Start of Block

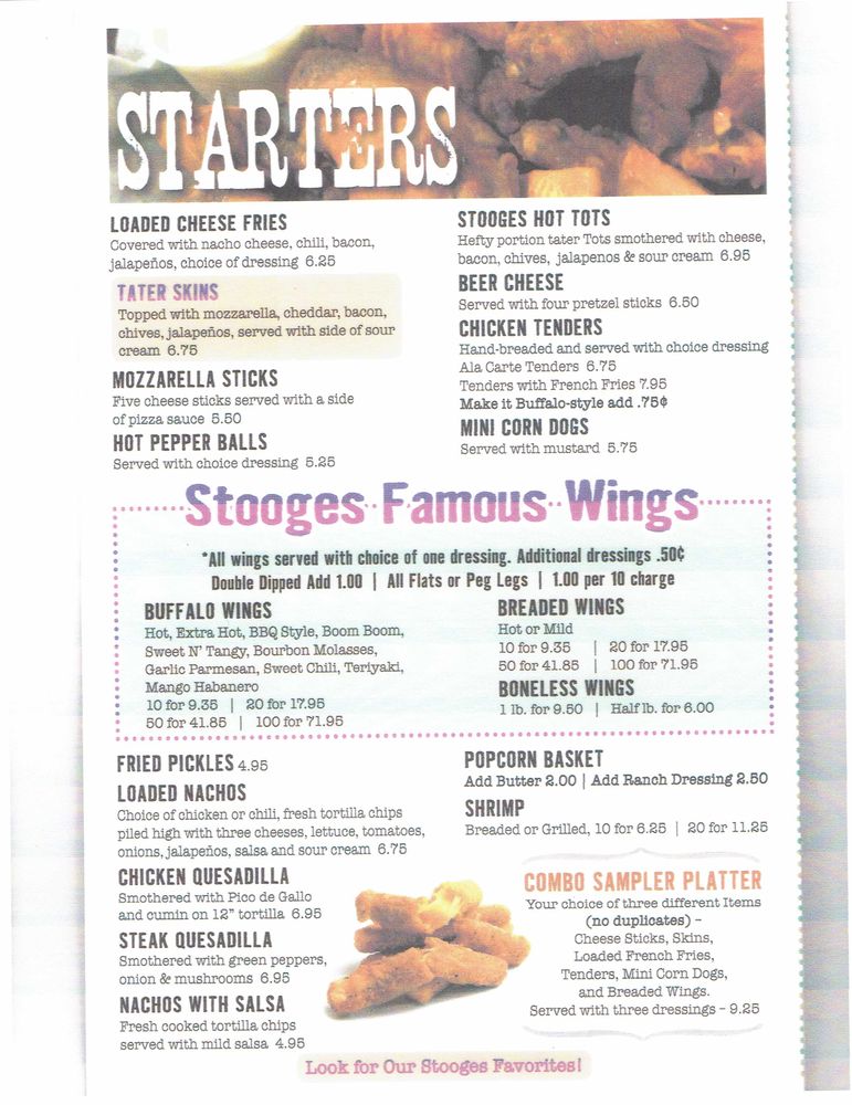 Stooges Bar & Grill is a lively spot in Louisville, KY known for its diverse menu featuring starters like loaded cheese fries, tater skins, and chicken tenders. The Stooges Salad options cater to different tastes, with highlights such as the grilled chicken salad and shrimp salad. The soup selection includes chili and soup of the day, both made in-house. Customers praise the friendly service and the vibrant sports bar atmosphere, with plenty of TVs for watching games. The wings are a standout dish, with patrons raving about their size and flavor. Stooges Bar & Grill is a popular choice for a casual night out with friends or for catching a game, offering a relaxed and welcoming environment.
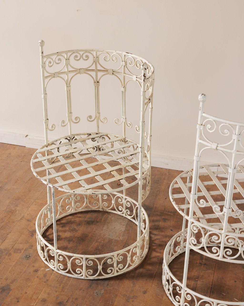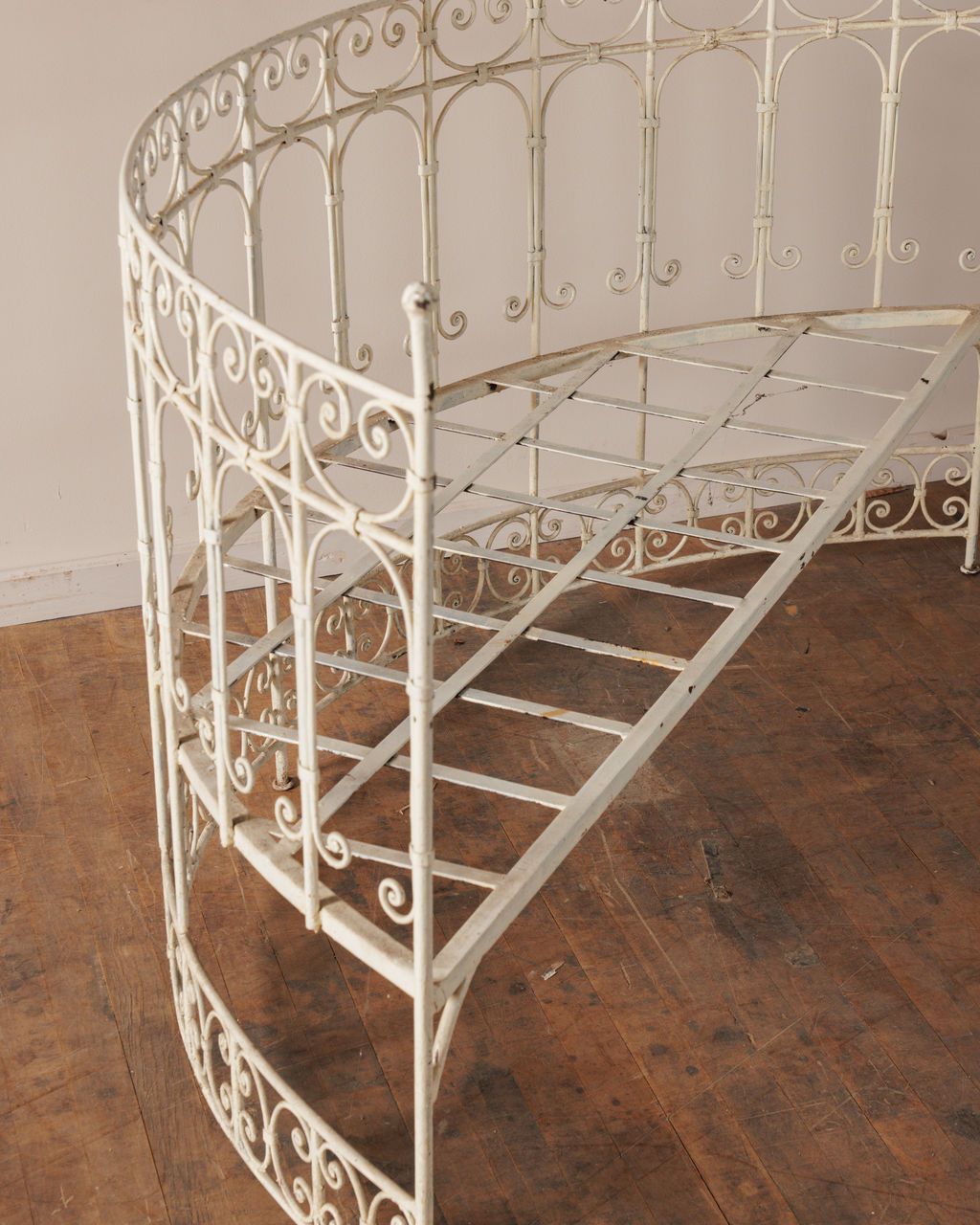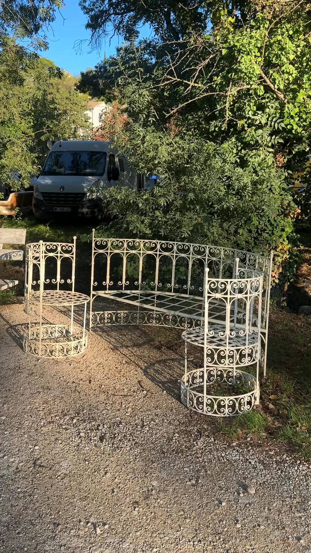 This rare three piece vintage garden set is pure château fantasy. Made from painted metal with an elegant curved bench and two matching circular side tables, each piece is wrapped in delicate scrollwork that feels straight out of a French garden party scene. Sourced from a château in Northern France, it has that perfect mix of romance and structure, ideal for a gravel terrace, a greenhouse moment, or an overgrown corner of the garden that needs a little something extra.
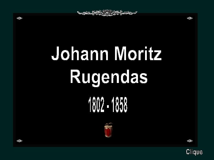 JOHANN MORITZ RUGENDAS Pintor e desenhista alemão, Rugendas nasceu em Augsburg a 29 de março de 1802 e morreu em Weilheim a 29 de maio de 1858. Descendente de família de pintores e gravadores, fez os primeiros estudos com o pai, aperfeiçoando-se depois na Academia de Belas-Artes de Munique. Viveu muitos anos no Brasil, cuja paisagem e costumes fixou com o mesmo sentido de observação de Debret.
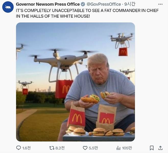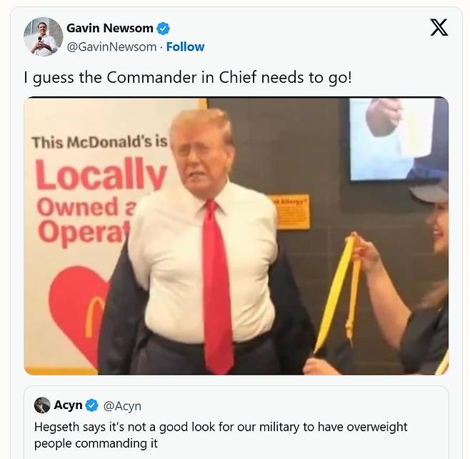 이에 민주당 유력 잠룡의 한 명인 개빈 뉴섬 캘리포니아 주지사는 X에 "그렇다면 총사령관(대통령 의미)부터 나가야겠군!"이라는 글을 올리며 트럼프 대통령을 겨냥했습니다. 해당 게시물에는 지난해 10월 맥도날드 유세 현장에서 찍힌 뚱뚱한 트럼프 사진이 함께 게재됐죠. 당시 트럼프는 일종의 '서민 행보'로 맥도날드 드라이브스루 창구에서 직원 복장을 하고 직접 햄버거와 감자튀김을 나눠주었는데, 이는 국방부 장관은 과체중을 비난하는데 트럼프도 과체중이고, 비만의 주범인 패스트푸드를 트럼프가 직접 나눠주거나 본인도 좋아하는 것을 비꼰 것입니다.
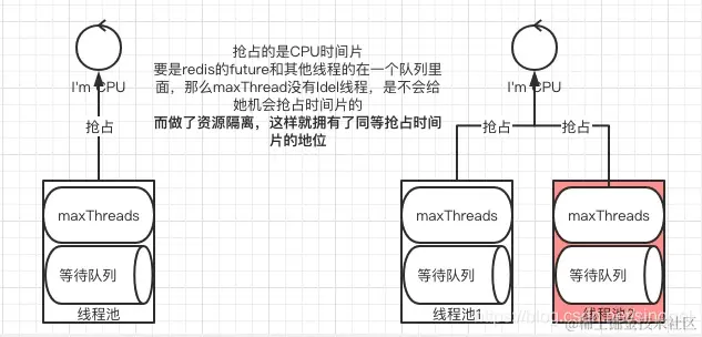 隔离了这种线程池的资源,这样对redis这种快速的线程就不会被队列中慢的线程影响获取时间片
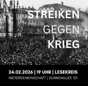 „Mit der Berliner Friedenskonferenz Ende Februar wollen wir als Stadtteilorganistion Hände weg vom Wedding und der Berliner Bund der Kommunist:innen einen Ort der Entrüstung schaffen. Gemeinsam mit Vertreter:innen der Gewerkschaften, der Friedensbewegung, Stadtteilinitativen und der Jugend wollen wir in den Austausch treten. Die Konferenz soll den Ort bieten, gemeinsam zu diskutieren, uns zu vernetzen und dem … Weiterlesen
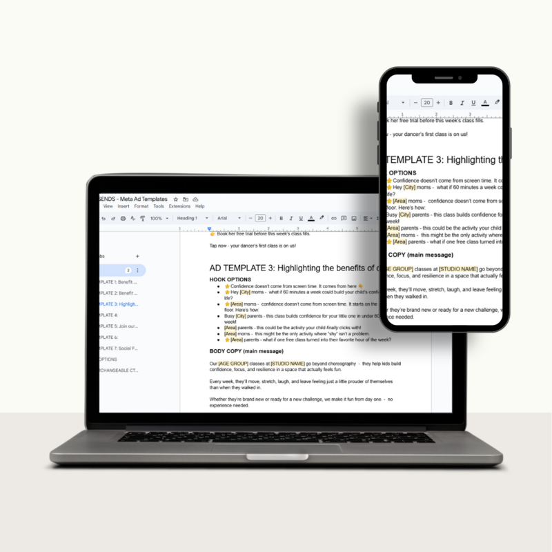 You’ll get a PDF and editable Google Doc version. Simply choose your favorite version of each ad, personalize it with a few quick details, and copy/paste it into your ad manager (whether it’s Meta Business Suite or your studio software).

End of Block

### EXERCISE
Using the records above, output an exact copy without any pictures.

### SOLUTION TO THIS EXERCISE
 Stooges Bar & Grill is a lively spot in Louisville, KY known for its diverse menu featuring starters like loaded cheese fries, tater skins, and chicken tenders. The Stooges Salad options cater to different tastes, with highlights such as the grilled chicken salad and shrimp salad. The soup selection includes chili and soup of the day, both made in-house. Customers praise the friendly service and the vibrant sports bar atmosphere, with plenty of TVs for watching games. The wings are a standout dish, with patrons raving about their size and flavor. Stooges Bar & Grill is a popular choice for a casual night out with friends or for catching a game, offering a relaxed and welcoming environment.
 This rare three piece vintage garden set is pure château fantasy. Made from painted metal with an elegant curved bench and two matching circular side tables, each piece is wrapped in delicate scrollwork that feels straight out of a French garden party scene. Sourced from a château in Northern France, it has that perfect mix of romance and structure, ideal for a gravel terrace, a greenhouse moment, or an overgrown corner of the garden that needs a little something extra.
 JOHANN MORITZ RUGENDAS Pintor e desenhista alemão, Rugendas nasceu em Augsburg a 29 de março de 1802 e morreu em Weilheim a 29 de maio de 1858. Descendente de família de pintores e gravadores, fez os primeiros estudos com o pai, aperfeiçoando-se depois na Academia de Belas-Artes de Munique. Viveu muitos anos no Brasil, cuja paisagem e costumes fixou com o mesmo sentido de observação de Debret.
 이에 민주당 유력 잠룡의 한 명인 개빈 뉴섬 캘리포니아 주지사는 X에 "그렇다면 총사령관(대통령 의미)부터 나가야겠군!"이라는 글을 올리며 트럼프 대통령을 겨냥했습니다. 해당 게시물에는 지난해 10월 맥도날드 유세 현장에서 찍힌 뚱뚱한 트럼프 사진이 함께 게재됐죠. 당시 트럼프는 일종의 '서민 행보'로 맥도날드 드라이브스루 창구에서 직원 복장을 하고 직접 햄버거와 감자튀김을 나눠주었는데, 이는 국방부 장관은 과체중을 비난하는데 트럼프도 과체중이고, 비만의 주범인 패스트푸드를 트럼프가 직접 나눠주거나 본인도 좋아하는 것을 비꼰 것입니다.
 隔离了这种线程池的资源,这样对redis这种快速的线程就不会被队列中慢的线程影响获取时间片
 „Mit der Berliner Friedenskonferenz Ende Februar wollen wir als Stadtteilorganistion Hände weg vom Wedding und der Berliner Bund der Kommunist:innen einen Ort der Entrüstung schaffen. Gemeinsam mit Vertreter:innen der Gewerkschaften, der Friedensbewegung, Stadtteilinitativen und der Jugend wollen wir in den Austausch treten. Die Konferenz soll den Ort bieten, gemeinsam zu diskutieren, uns zu vernetzen und dem … Weiterlesen
 You’ll get a PDF and editable Google Doc version. Simply choose your favorite version of each ad, personalize it with a few quick details, and copy/paste it into your ad manager (whether it’s Meta Business Suite or your studio software).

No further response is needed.